- Original Italian cinematic poster
- Directed by: Matt Askem
- Based on: The 2nd Law World Tour by Muse
- Produced by: Muse
- Starring: Matthew Bellamy Dominic Howard Christopher Wolstenholme Morgan Nicholls
- Music by: Muse
- Distributed by: Warner Bros., Helium 3
- Release date: 5 November 2013;
- Running time: 96 minutes
- Country: United Kingdom
- Language: English

= Live at Rome Olympic Stadium =

Live at Rome Olympic Stadium is a live album and video by English rock band Muse, which was released on 29 November 2013 in CD/DVD formats. On 5 November 2013, the film received theatrical screenings in 20 cities worldwide, and the next day it was screened for one night only in 40 other territories. The album contains the band's performance in Italy at Rome's Stadio Olimpico on 6 July 2013, in front of a crowd of 60,963 people. The concert was a part of The Unsustainable Tour, which is a moniker for the band's summer 2013 European leg of The 2nd Law World Tour.
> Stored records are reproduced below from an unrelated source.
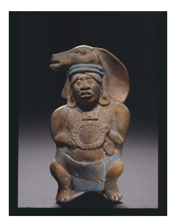
Fig. 7: Clay figure, Figure of a dwarf with mirror in the hands, blue paint, late classic period, 15.6 \times 8.1 \times 6.8 \text{ cm} , 0.32 kg, Mexico, IV Ca 50146, donation of 17 November 2004.

graves were professionally excavated or looted (...) the prolific ceramics and other media provide an encyclopedia of ancient life for art historians (...). (p. 201)". <sup>26</sup>
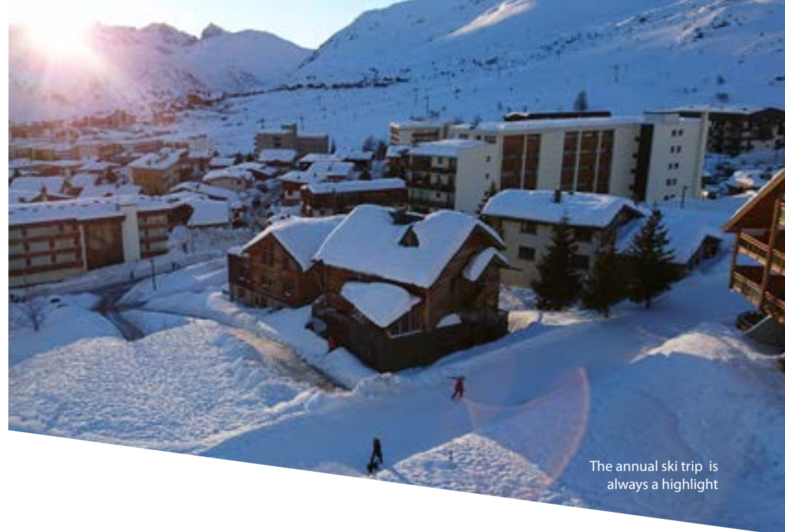
The annual ski trip is always a highlight

If your child chooses to study GCSE Art they will go on the following or similar trips: Eldmire - Unit 1 Art trip to Barcelona Thornton – Unit 2 Art trip to London
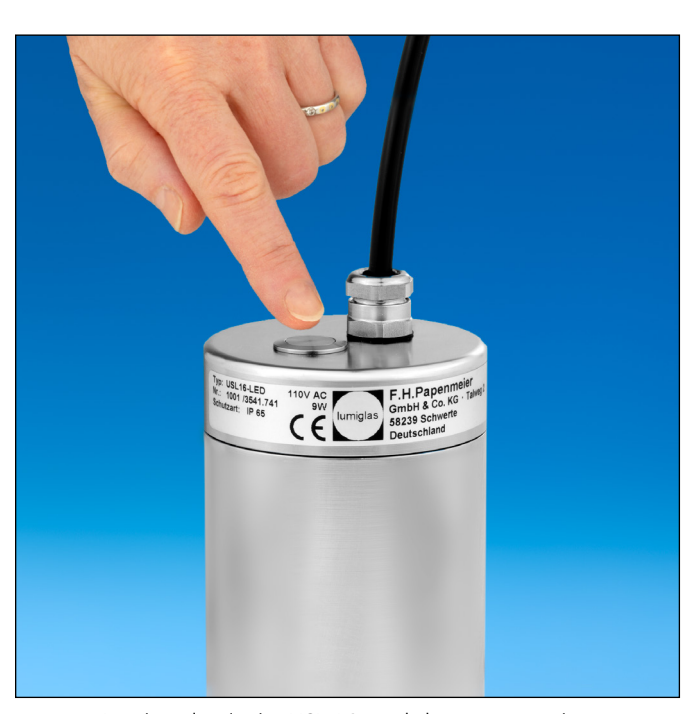
Lumistar luminaire USL 16, push-button operation

a timer to be installed in the power supply line, outside the luminaire! Under no circumstances should the maximum temperatures specified for the luminaire be exceeded.
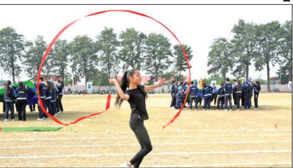
A student presenting aerobic activity during Annual Sports Day at Heritage School, Jammu.
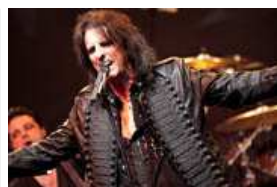
Concert Review: Alice Cooper's Christmas Pudding
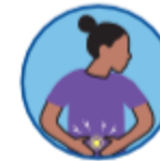
Nausea, vomiting, diarrhea

==Filming and production==
The cameras which brought the concert to screen were sixteen Sony PMW-F55 CineAlta 4K cameras, and with a variety of cinema lenses, including 5 Angenieux 24/290s, an Elite 120/520, a number of Optimo 14/52's and with Fujinon 19–90 Cabrio and 85–300 Cabrio.
Furthermore, a crane, a Towercam, various hotheads and a Spidercam were used. All images were recorded in HD and 4K on three terabyte hard drives. Alongside video, 120 lines of multi-track audio were recorded, all redundant.
The result of all of this was 4 sets with material, 2 main sets and 2 back-up sets.

The show was directed by Matt Askem (with whom the band worked on two previous videos, Hullabaloo: Live at Le Zenith, Paris and HAARP), and produced by Serpent Productions.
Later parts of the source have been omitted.